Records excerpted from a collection
--
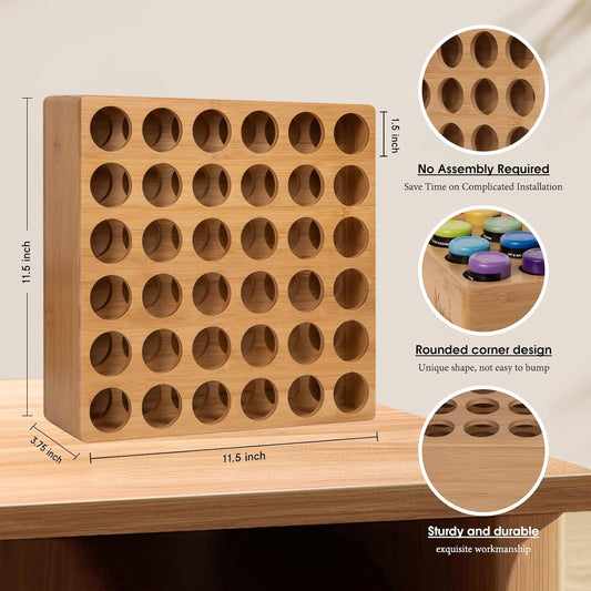 Bamboo Craft Paint Storage Organizer,36-Hole Vertical Paint Rack Stand for 2oz Craft & Acrylic Paints,Stackable Modular Storage Solution for Home, Classroom, and Office
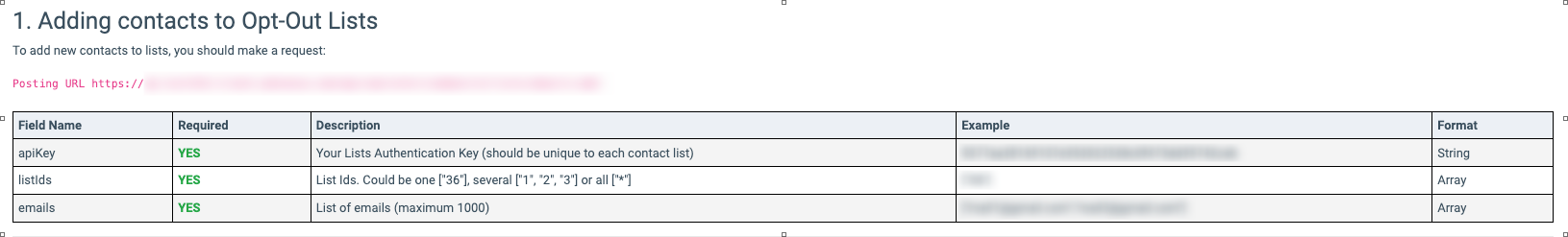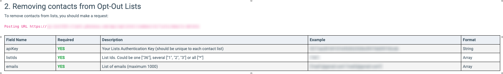 The Phone Number/Email Lists API allows you to manage the Opt-Out list(s) by providing documentation for adding or deleting contacts through the API.
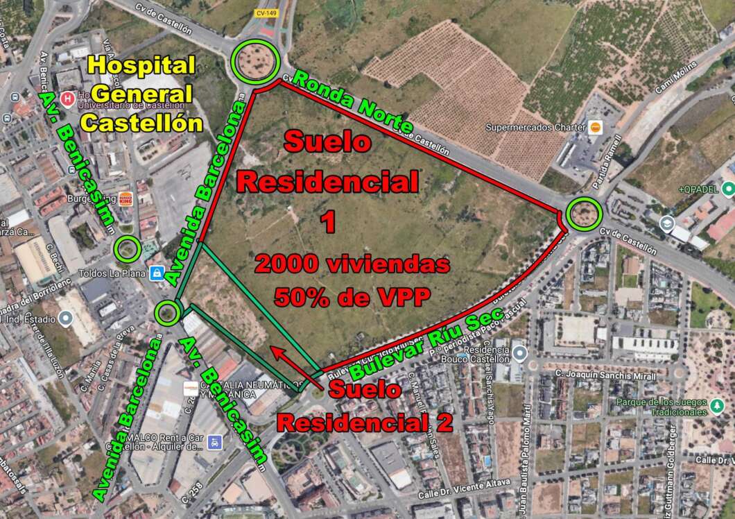 Para que se haga una idea el lector, esa urbanización afecta todo el terreno situado en el norte de Castellón entre el Hospital General y la Rotonda de los caballitos, una de las más grandes que se haya desarrollado con anterioridad.
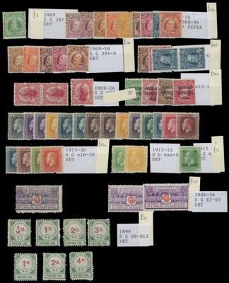 1882 to 1940 mint selection on stockcards including 1882-1900 values to 1s, 1891-95 values to 8d with assorted underprints, 1896 3d lemon and 4d pale green, 1895-1900 values to 1s, 1898 to 5s, 1899 to 5s, 1902 to 2s, 1907-08 values to 1s, fiscals 2s, 2s6d, 3s, 5s, plus 2s6d used, 1940 3/6 on 3s6d to 22/-on 22s, 1940 values to £1, 25s, 30s, £2, £3, £4 and £5. Mixed with many good to fine. (149)
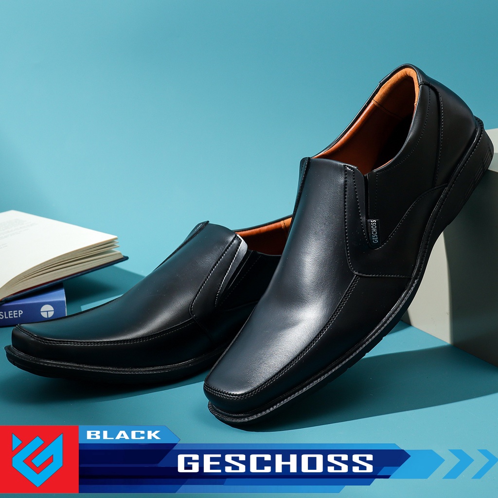 GESCHOSS Sepatu Pria Formal Model Terbaru Bahan Kulit PU Premium Sepatu Kerja Sepatu Casual SLIP ON Lokal 100 PERSEN Original Terbaru
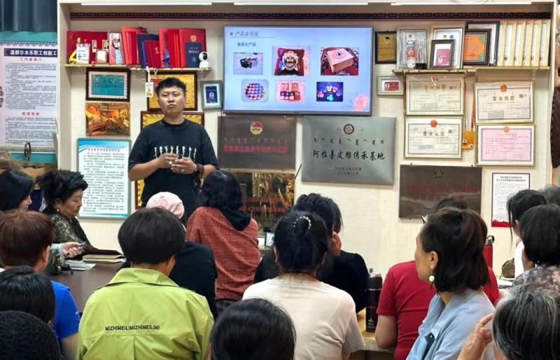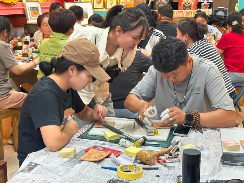 連日來,皮雕技藝培訓班也在如火如荼開展。自治區(qū)級非遺項目皮雕技藝傳承人溫都爾木現(xiàn)場指導學員制作傳統(tǒng)皮雕,并將皮雕技藝創(chuàng)新應(yīng)用于錢包、腰帶等日常用品?!按舜闻嘤栁?0多名農(nóng)牧民參與,我們不僅傳授傳統(tǒng)皮雕工藝,還教授阿拉善寶石鑲嵌技法,助力農(nóng)牧民掌握增收新技能,實現(xiàn)技藝傳承與增收致富雙贏?!睖囟紶柲靖嬖V記者。
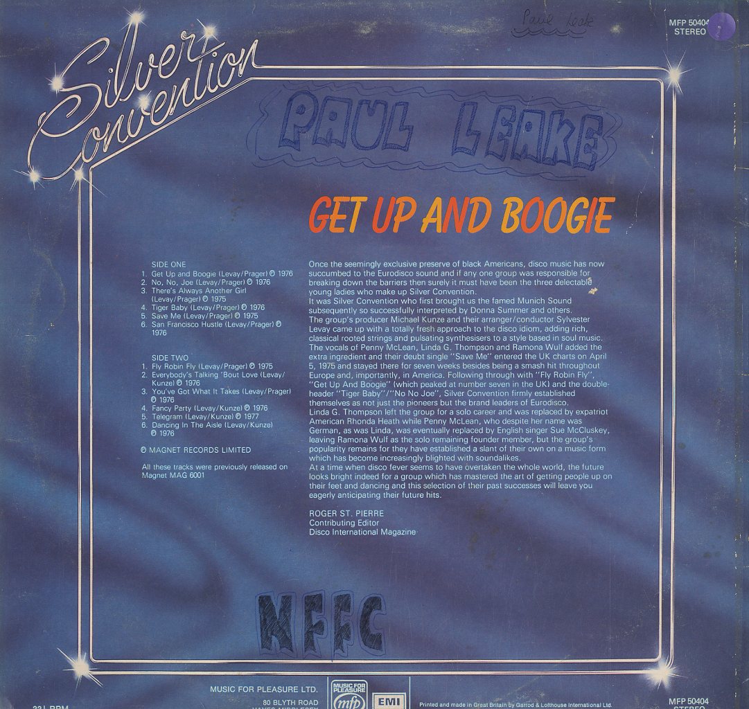 Discographie von Silver Convention![]() mfp MFP 50404 Silver Convention Get Up And Boogie Eintrag bei DISCOGS (extern) UK 1977, LP, Pop/Rock Aufnahme: Stereo Zustand: vg+ ++ / vg (Rücks. beschriftet) sowie Fly Robin Fly, San Francisco Hustle, Dancin In The aisle, Telegram u.a.m. (Aufn. 1975 - 1977)_ Keine RI des Orig. von 197, nur wenige Titel davon All these tracks were previously released on Magnet MAG 6001 Preis in Euro: 4,50 € Verfügbarkeitsanfrage | ![]() Coveransicht: Silver Convention - Get Up And Boogie ![]()
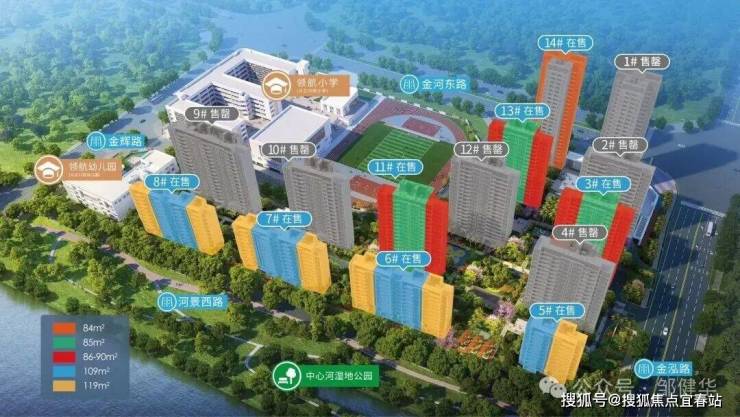 航空新城稀缺的一线滨河景观,紧邻金湾中心河湿地公园,坐享中心河湿地公园头排景观。
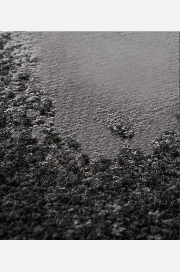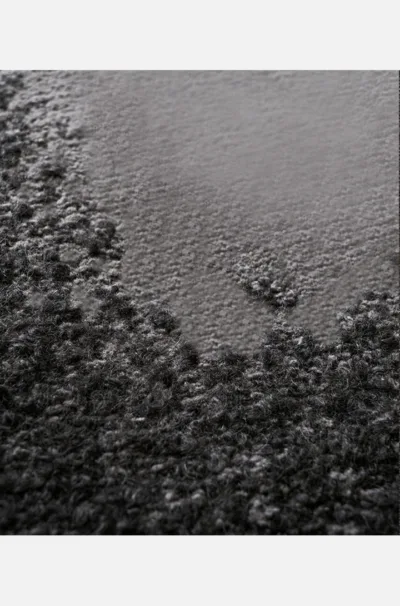 A painterly graphic of just two colors, Smear uses the irregular surface texture of bouclé with linear yarn to turn the ancient digital art of weaving analog. Originally conceived for wine cellar in the South.
--
All entries above are to be reproduced exactly, with no pictures.

 Bamboo Craft Paint Storage Organizer,36-Hole Vertical Paint Rack Stand for 2oz Craft & Acrylic Paints,Stackable Modular Storage Solution for Home, Classroom, and Office
 The Phone Number/Email Lists API allows you to manage the Opt-Out list(s) by providing documentation for adding or deleting contacts through the API.
 Para que se haga una idea el lector, esa urbanización afecta todo el terreno situado en el norte de Castellón entre el Hospital General y la Rotonda de los caballitos, una de las más grandes que se haya desarrollado con anterioridad.
 1882 to 1940 mint selection on stockcards including 1882-1900 values to 1s, 1891-95 values to 8d with assorted underprints, 1896 3d lemon and 4d pale green, 1895-1900 values to 1s, 1898 to 5s, 1899 to 5s, 1902 to 2s, 1907-08 values to 1s, fiscals 2s, 2s6d, 3s, 5s, plus 2s6d used, 1940 3/6 on 3s6d to 22/-on 22s, 1940 values to £1, 25s, 30s, £2, £3, £4 and £5. Mixed with many good to fine. (149)
 GESCHOSS Sepatu Pria Formal Model Terbaru Bahan Kulit PU Premium Sepatu Kerja Sepatu Casual SLIP ON Lokal 100 PERSEN Original Terbaru
 連日來,皮雕技藝培訓班也在如火如荼開展。自治區(qū)級非遺項目皮雕技藝傳承人溫都爾木現(xiàn)場指導學員制作傳統(tǒng)皮雕,并將皮雕技藝創(chuàng)新應(yīng)用于錢包、腰帶等日常用品?!按舜闻嘤栁?0多名農(nóng)牧民參與,我們不僅傳授傳統(tǒng)皮雕工藝,還教授阿拉善寶石鑲嵌技法,助力農(nóng)牧民掌握增收新技能,實現(xiàn)技藝傳承與增收致富雙贏?!睖囟紶柲靖嬖V記者。
 Discographie von Silver Convention![]() mfp MFP 50404 Silver Convention Get Up And Boogie Eintrag bei DISCOGS (extern) UK 1977, LP, Pop/Rock Aufnahme: Stereo Zustand: vg+ ++ / vg (Rücks. beschriftet) sowie Fly Robin Fly, San Francisco Hustle, Dancin In The aisle, Telegram u.a.m. (Aufn. 1975 - 1977)_ Keine RI des Orig. von 197, nur wenige Titel davon All these tracks were previously released on Magnet MAG 6001 Preis in Euro: 4,50 € Verfügbarkeitsanfrage | ![]() Coveransicht: Silver Convention - Get Up And Boogie ![]()
 航空新城稀缺的一线滨河景观,紧邻金湾中心河湿地公园,坐享中心河湿地公园头排景观。
 A painterly graphic of just two colors, Smear uses the irregular surface texture of bouclé with linear yarn to turn the ancient digital art of weaving analog. Originally conceived for wine cellar in the South.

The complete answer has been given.